Portanto, a criação da UAB no tocante à expansão dos cursos de licenciatura, ou seja, na formação inicial de professores, tornou-se um instrumento capaz de requalificar o professor, “por isso mesmo, seus cursos abrangem: Licenciaturas, Bacharelados, Tecnólogo e Especializações voltados para formação inicial e continuada de professores da rede pública de Educação Básica e para o público em geral interessado (demanda social)” (SOUZA, 2012, p. 134).
Outro programa criado pelo governo federal, além da UAB, é o Pró- licenciatura, que teve sua efetivação pelo MEC e secretarias como, a exemplo, a Secretaria de Educação Especial (SEESP). O Pró-Licenciatura – Prolic foi criado com a justificativa de “dar a formação necessária a um contingente de professores que já atuava no ensino fundamental e médio” (MALANCHEN, 2015, p. 153).
O Prolic, segundo Franco (2006) apud Schlemmer (2013, p. 127), “tem origem nas discussões realizadas por um grupo de trabalho criado pelo MEC para pensar políticas que pudessem modificar o quadro tão grave da educação básica no Brasil[..]” e “[...] a principal característica da formação ofertada pelo Prolic é considerar como primordial a prática do cotidiano da sala de aula do cursista e não a sua formação científica” (MALANCHEN, 2015, p. 154).
É um programa de formação inicial desenvolvido junto às Instituições de Ensino Superior (IES) públicas, comunitárias ou confessionais e dirigido a professores em exercício nos anos/séries finais do ensino fundamental ou ensino médio dos sistemas públicos de ensino que não tenham a habilidade legal exigida para o exercício da função (Licenciatura). As IES implementarão, em parceria, cursos de licenciatura na modalidade de educação a distância, com duração igual ou superior à mínima exigida para cursos presenciais, de forma que o professor-aluno mantenha suas atividades docentes (BRASIL, 2006, p. 156).

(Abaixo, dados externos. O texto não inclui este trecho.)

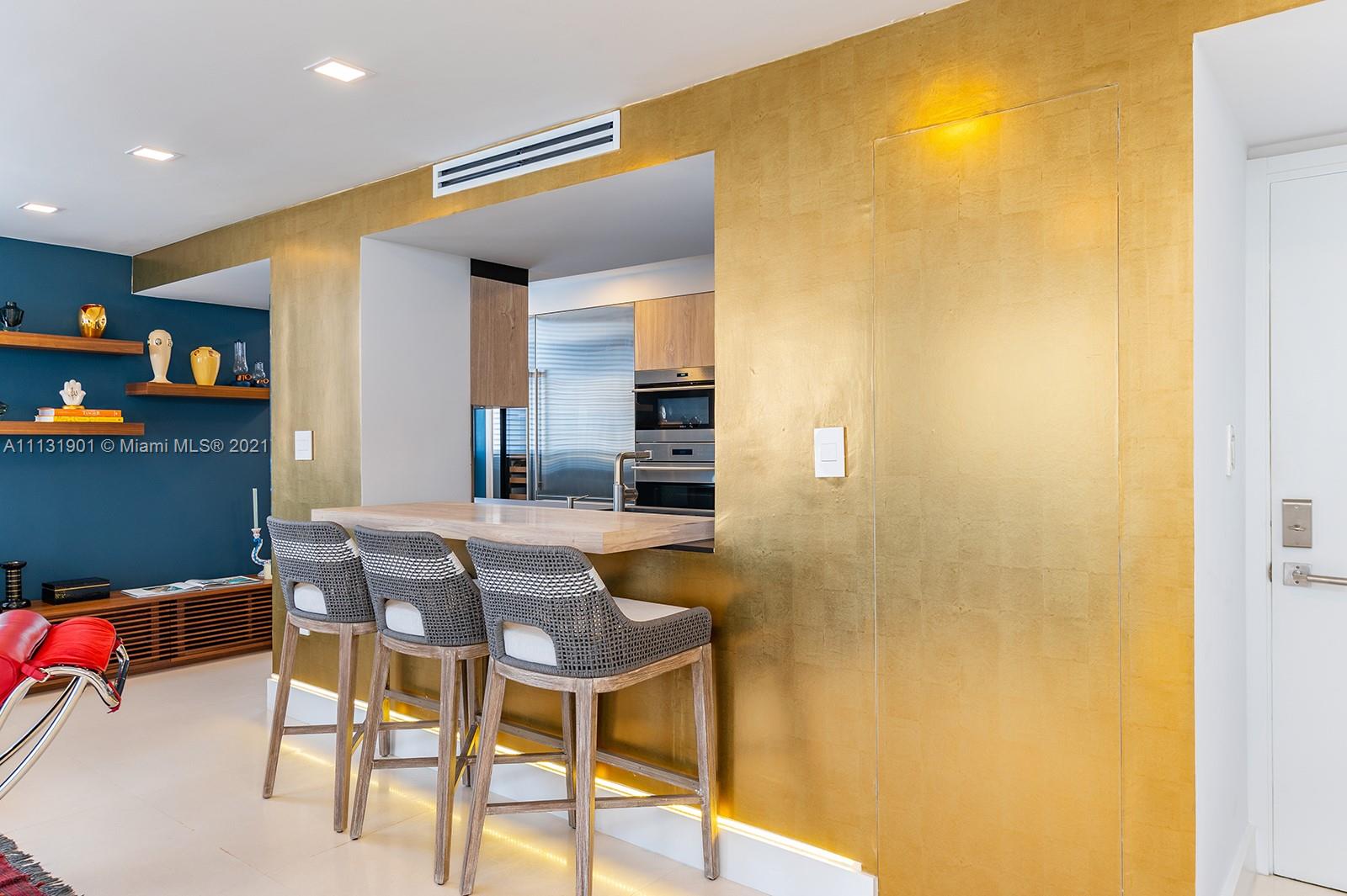 One of a kind 1 bedroom 1 bathroom completely renovated from the studs. This unit features updated lighting fixtures, bathroom marble, a custom Italian MiaCucina kitchen with Subzero and Wolf appliances including a wine fridge. Gold leaf accent wall adds a stylish touch to the living space. New electric, pipes and plumbing. Bay views can be seen from balcony and kitchen. Bosch washer/dryer in unit. Owner spared no expense in making this unit a state of the art oasis right on the bay. Access Sunset Harbor shops and restaurants, Lincoln Road, Trader Joes, Whole Foods, South Point, the beach and much more in minutes.

O objetivo do Programa Prolic parte da ação do professor na escola em que exerce a sua função docente, considerando a prática do dia a dia do professor. Esse programa, segundo Malanchen (2015, p. 157), “oferece ao professor-cursista a oportunidade de vivenciar trocas frequentes com seus pares, com pesquisadores e professores de outras instituições”, inclusive as de cunho privado. O Prolic tem:
[...] o intuito de impulsionar mudanças efetivas à melhoria da educação básica, combatendo diretamente a deficiência de qualidade da escolarização, detectada pelo Sistema de Avaliação da Educação Básica- SAEB-, o Ministério da Educação vem fomentando diversos programas de formação inicial e continuada para professores, em parcerias com os sistemas estaduais e municipais de ensino e instituições de ensino superior (BRASIL, 2005, p. 01).
As políticas e as propostas da SEED, dirigidas para a formação de professores, via EaD, demostram as complexas conexões da relação das tecnologias com a modalidade a distância e estão sendo apreendidas pelo estreito enfoque economicista e tecnicista (MALANCHEN, 2015).